Spores were sterilized with 10% sodium hypochloride for 10 minutes before sowing. Spores were sown in 5 cm diameter Petri dishes with Dyer medium (Dyer 1979) and 10 g/L of agar with laminar flux camera. For each species, 10 Petri dishes were kept at room temperature with a light regime of 12 light-hours per day. For SEM studies, the gametophytes were fixed with 2% glutaraldehyde in phosphate buffer for 72 hours and dehydrated in a graded series of alcohols (10%-absolute ethanol). Once dehydrated, the gametophytes were critical point dried with carbon dioxide (Denton Vacuum DCP-1) and were fixed to aluminum stubs with double-sided adhesive graphite tape, sputter-coated with gold.

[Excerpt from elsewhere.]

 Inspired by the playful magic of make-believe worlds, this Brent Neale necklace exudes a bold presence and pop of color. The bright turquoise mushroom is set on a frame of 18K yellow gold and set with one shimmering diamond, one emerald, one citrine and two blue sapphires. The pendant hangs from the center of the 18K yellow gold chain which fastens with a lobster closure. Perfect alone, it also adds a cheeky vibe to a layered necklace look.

Micrographs were taken with a Nikon Eclipse E200 microscope equipped with a Moticam 1000 digital camera (1.3 Mp); the scanning electron microscope JEOL JSM 6480 LV SEM (Japan) belongs to the Laboratorio de Microscopía Electrónica de Barrido y Microanálisis (LASEM), Universidad Nacional de Salta, Argentina.

Results

Both studied populations of Argyrochosma nivea var. tenera showed similar results: immature sporangia presented eight spore mother cells. At diakinesis, 2n = 81 were observed (figure 1b); at a late stage of diakinesis, chromosomes were grouped in three sets (figure 1c). At metaphase, chromosomes lying outside the equatorial plate (figure 1d) were observed; lagging chromosomes were present at anaphase I (figures 1e, f). However, the development of telophase I was regular. Throughout the second division, lagging chromosomes were observed at anaphase II and telophase II. Argyrochosma nivea var. tenera were triploid with 2n = 3x = 81. The number of spores per sporangia in the studied specimens was 32, corresponding to the eight mother cells found in the immature sporangia.

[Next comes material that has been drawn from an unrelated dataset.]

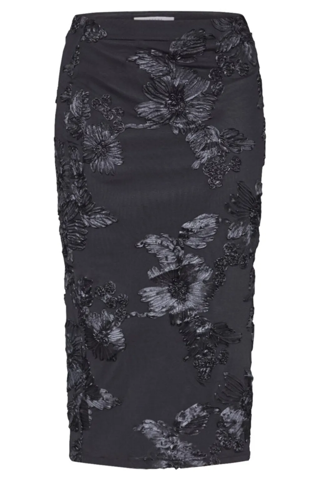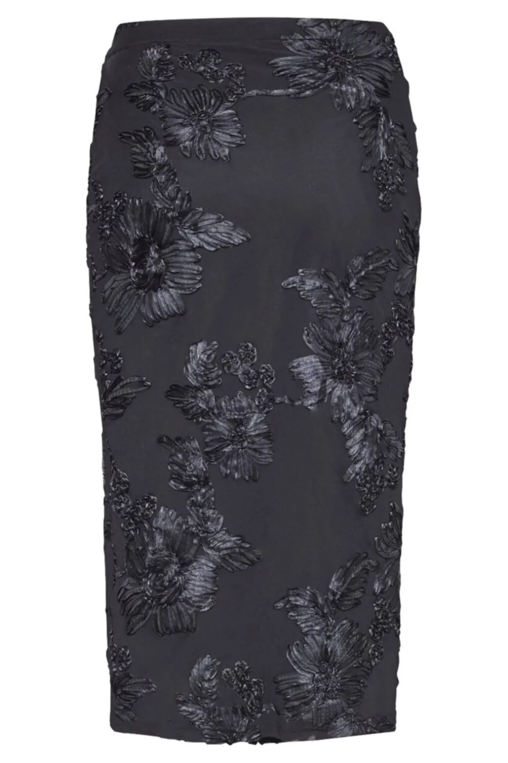 Sort nederdel fra Sisters Point med broderede blomstermotiver. Nederdelen er figursyet og passer til både festlige og formelle begivenheder.

The palynological analysis indicated that spores are trilete, globose, with slightly ridged perispore. Spore size is very variable, with equatorial diameter of 37(71)106 µm; a small number of spores (8%-10%) of small size, without cell content, of equatorial diameter of 43(47)49 µm, were also observed (figure 1g).

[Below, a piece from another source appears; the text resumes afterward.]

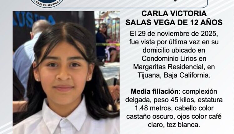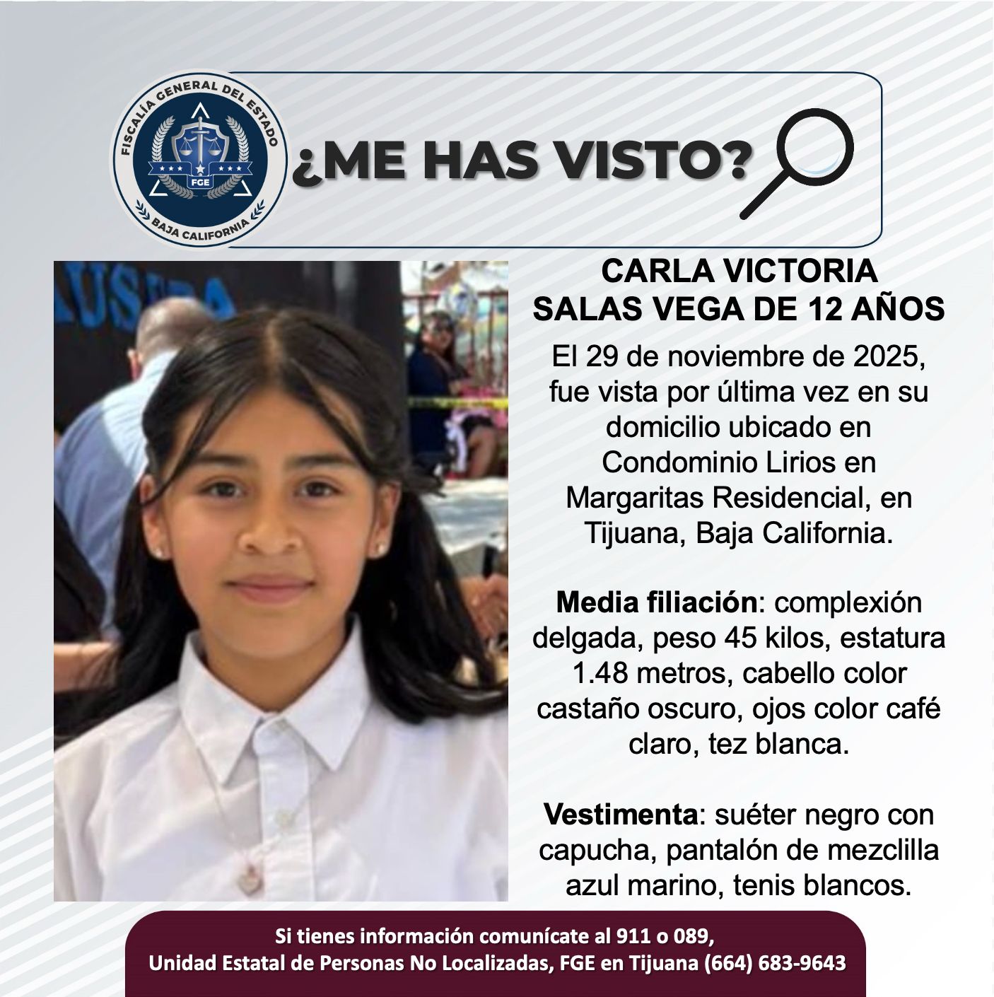 Tijuana, Baja California, a 3 de diciembre de 2025.- La Fiscalía General del Estado (FGE), solicita el apoyo de la ciudadanía para localizar a Carla Victoria Salas Vega de 12 años de edad.

Spore germination occurs at 3-4 days after sowing; at the end of the first week, about 80% of spores have germinated; 30-45 days later, they reach their laminar, cordate, asymmetrical shape. These laminar gametophytes are sterile; under our cultural conditions they do not develop antheridia or archegonia during the mature phase. After 60 days a protuberance develops in the neck canal; first it is glabrous, then it enlarges and is covered with brown scales surrounding the incipient apogamous sporophyte that starts to develop (figure 1h).

Discussion

Our findings show a chromosome number n = 2n = 3x = 81 in both populations of Argyrochosma nivea var. tenera analyzed. During some diakinesis, chromosome grouping into three sets provides additional evidence that corrobarates the triploid character of the taxon. Triploid ferns may have originated from the crossing of a diploid and a tetraploid fern, in which both (diploid and tetraploid) can be cytotypes of the same or a different taxon in which there has been interspecific crossing (Knobloch et al.1975). The presence of lagging chromosomes has not been reported for Argyrochosma or any other cheilanthoid genus, because meiotic studies are scarce. According to Windham & Yatskievych (2003), this is because sporangia are not aggregated into sori and are protected by trichomes, scales and/or the indusia. The irregular behavior of such meiosis in the germ line (e.g., the presence of secondary associations and lagging chromosomes) suggests that such taxa might be of hybrid origin. This is consistent with the previous cytogenetic reports of Zhang et al. (2008) for Osmunda japonica Houtt.

In sporangia, the 32 spores correspond to the eight mother cells of the spores observed. The number of mature spores (32) is similar to that indicated by Sigel et al. (2011) for 50% of the reported specimens; in the remaining 50%, these authors found some plants producing 64-spored sporangia and others with both 32 and 64 spores. This characteristic was also described by Whittier (1965) for apogamous Cheilanthes specimens, which exhibited 32- and 16-spored sporangia in a single specimen.

In cheilanthoid ferns, spores are usually trilete; however, Morbelli et al. (2001) observed monolete spores as well. In this study of Argyrochosma nivea var. tenera, only trilete spores have been observed. Morphological variability of spores is present in other Pteridaceae, which exhibit polyploidy and apogamous reproduction, such as Pteris cretica, P. denticulata, and P. tristicula(Martínez & Morbelli 2009, Martínez 2011).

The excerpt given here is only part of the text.